Oct 4, 2021, 10:53:30 AM10/4/21

to

Am 04.10.2021 um 16:37 schrieb Scott Lurndal:

> ARMv8 has 128-bit floating point, in hardware.
> FWIW, it also has 512 to 2048 bit floating point,
> in hardware, when the SVE extension is implemented.

I bet that ther even isn't an implementation for 128 bit fp,
but just a specification.

James Kuyper

unread,

Oct 4, 2021, 11:31:01 AM10/4/21

to

On 10/4/21 12:34 AM, Branimir Maksimovic wrote:
> On 2021-10-04, James Kuyper <james...@alumni.caltech.edu> wrote:

...

>> In terms of that model, the value of the significand of a floating point
>> value x, interpreted as an integer, can be represented in the same
>> floating point type by a number with exactly the same significand, and e
>> = p.
>>
>> The key issue is whether such a representation is allowed, and it turns
>> out that there can be floating point representations which fit the C
>> standard's model, for which e_max < p, preventing some signficands from
>> being representable in such a type.
>>
>> The macro LDBL_MAX (corresponding to std::numeric_limits<long
>> double>::max()) is defined as expanding to the value of
>> (1 - b^(-p))*b^e_max, and is required to be at least 1e37. If, for
>> example, e_max == p-1 and b=2, then this means that for such a type, p
>> must be at least 124.
>>
>> Every floating point format I'm familiar with has an e_max value much
>> larger than p, so I think, as a practical matter, that it's safe to
>> assume that signficands can be represented in the same floating point
>> type, but strictly speaking, it's not guaranteed.
> Great!!!
> So intead of int we use float type and truncate?
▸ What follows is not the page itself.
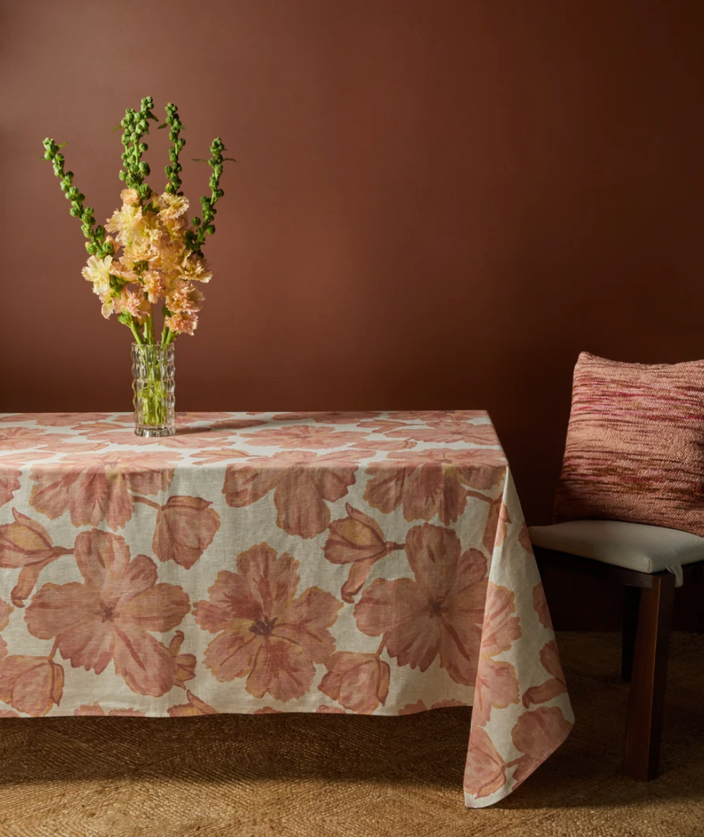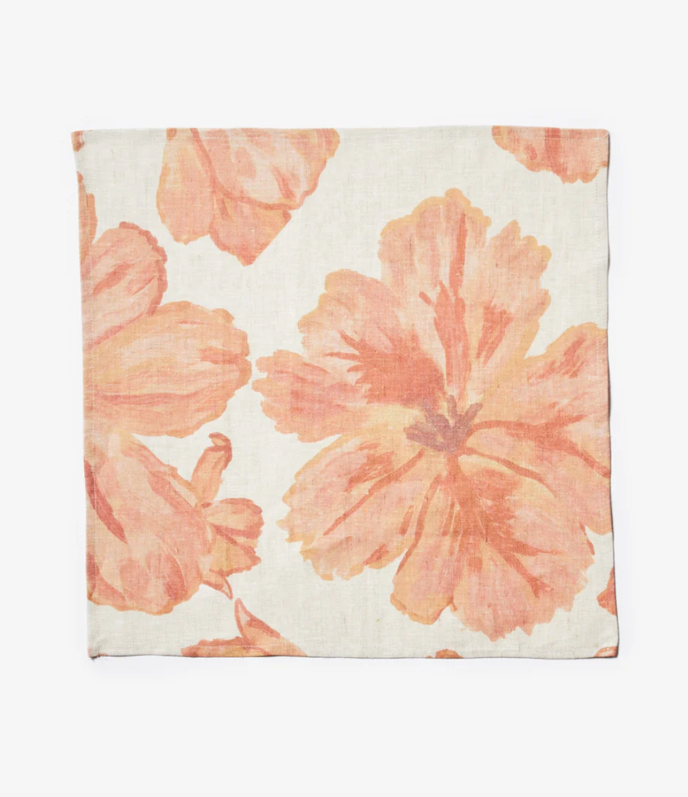 Bringing bold beauty and vintage charm to your dining space, our Tulip Pale Pink Table Linen showcases the dramatic elegance of parrot tulips in full bloom. Painted in a delicate watercolour effect, the ruffled and fringed petals dance across the fabric, capturing the graceful movement of these extraordinary flowers. The soft pink hue adds a romantic touch, while the artistic fluidity of the design ensures timeless sophistication.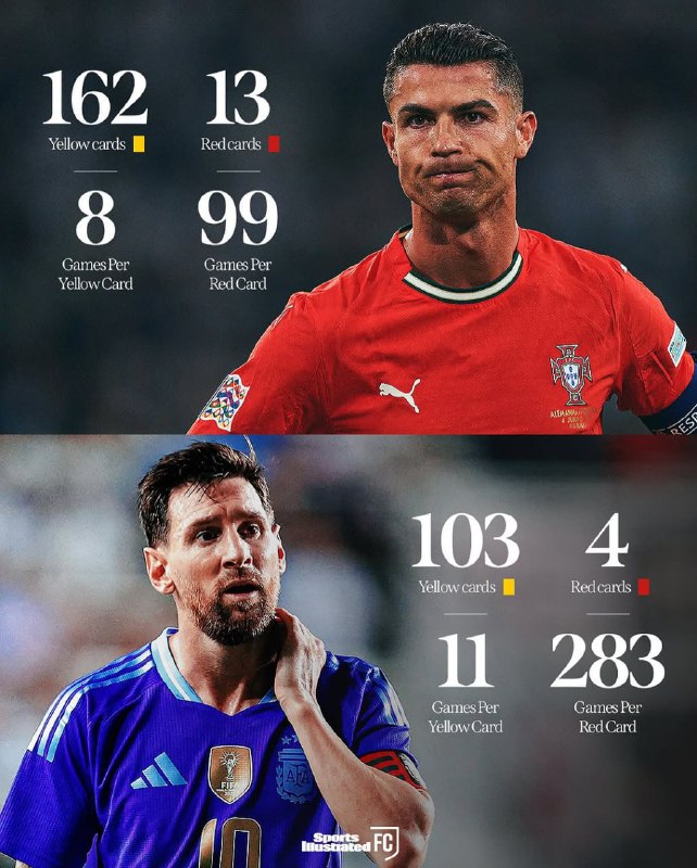 📊 مقایسه کارت‌های زرد و قرمز کریستیانو رونالدو و لیونل مسی

You're half right. If you want the mantissa (== significand), you should
not truncate - that might lose you the parts of the significand that
represent the fractional part of the number. The OP had it right at the
second to last step in his original code:

x = std::ldexp(x, numeric_limits<FType>::digits);

At this point, x already contains the significand; there's no further
need to convert it to an integer type - in fact, in most contexts you'd
want it in floating point format for later steps in the processing.

Branimir Maksimovic

unread,

Oct 4, 2021, 12:15:29 PM10/4/21

to

On 2021-10-04, Bart <b...@freeuk.com> wrote:
>
> Any code running on x86 can choose to use x87 instructions for floating
> point.

Only in assembler...

Branimir Maksimovic

unread,

Oct 4, 2021, 12:15:54 PM10/4/21

to

Irrelevant to whom?

Branimir Maksimovic

unread,

Oct 4, 2021, 12:19:40 PM10/4/21

to

Thanks for explanaition.

Greets, branimir

--

7-77-777
Evil Sinner!
to weak you should be meek, and you should brainfuck stronger

https://github.com/rofl0r/chaos-pp

Scott Lurndal

unread,

Oct 4, 2021, 1:08:26 PM10/4/21

to

sc...@slp53.sl.home (Scott Lurndal) writes:
>David Brown <david...@hesbynett.no> writes:
>>On 03/10/2021 12:19, Bonita Montero wrote:
>
>>
>>"long double" should not be used where "double" will do, because it can
>>be a great deal slower on many platforms (the load and saves are
>>irrelevant). You also have to question whether "long double" does what
>>you want, on any given target. On smaller targets (or more limited
>>compilers, like MSVC), it gives you no benefits in accuracy or range
>>compared to "double". On some, such as x86-64 with decent tools, it
>>generally gives you 80-bit types. On others - almost any other 64-bit
>>system - it gives you 128-bit quad double, but it is likely to be
>>implemented in software rather than hardware.
>
>
>ARMv8 has 128-bit floating point, in hardware.

^ registers

It does not support 128-bit float point types.

David Brown

unread,

Oct 4, 2021, 2:04:37 PM10/4/21

to

On 04/10/2021 13:50, Bonita Montero wrote:
> Am 04.10.2021 um 09:52 schrieb David Brown:
>
>> "long double" is supported by any C++ or C compiler, for any target,
>> that tries to come close to any current standards compliance.
>
> Most compilers map long double to IEEE-754 double precision and not
> extended precision. Even with Intel C++ you must supply a compiler
> -switch that you have double as a extended precision.

No, you don't.

>
>> What you probably mean is that on some targets, "long double" is the
>> same size as "double". That's true for most 32-bit (and smaller)
>> targets. Most 64-bit targets support larger "long double".
>
> No, most don't.
>

Yes, they do.

Again, you are confusing "Windows" with "everything".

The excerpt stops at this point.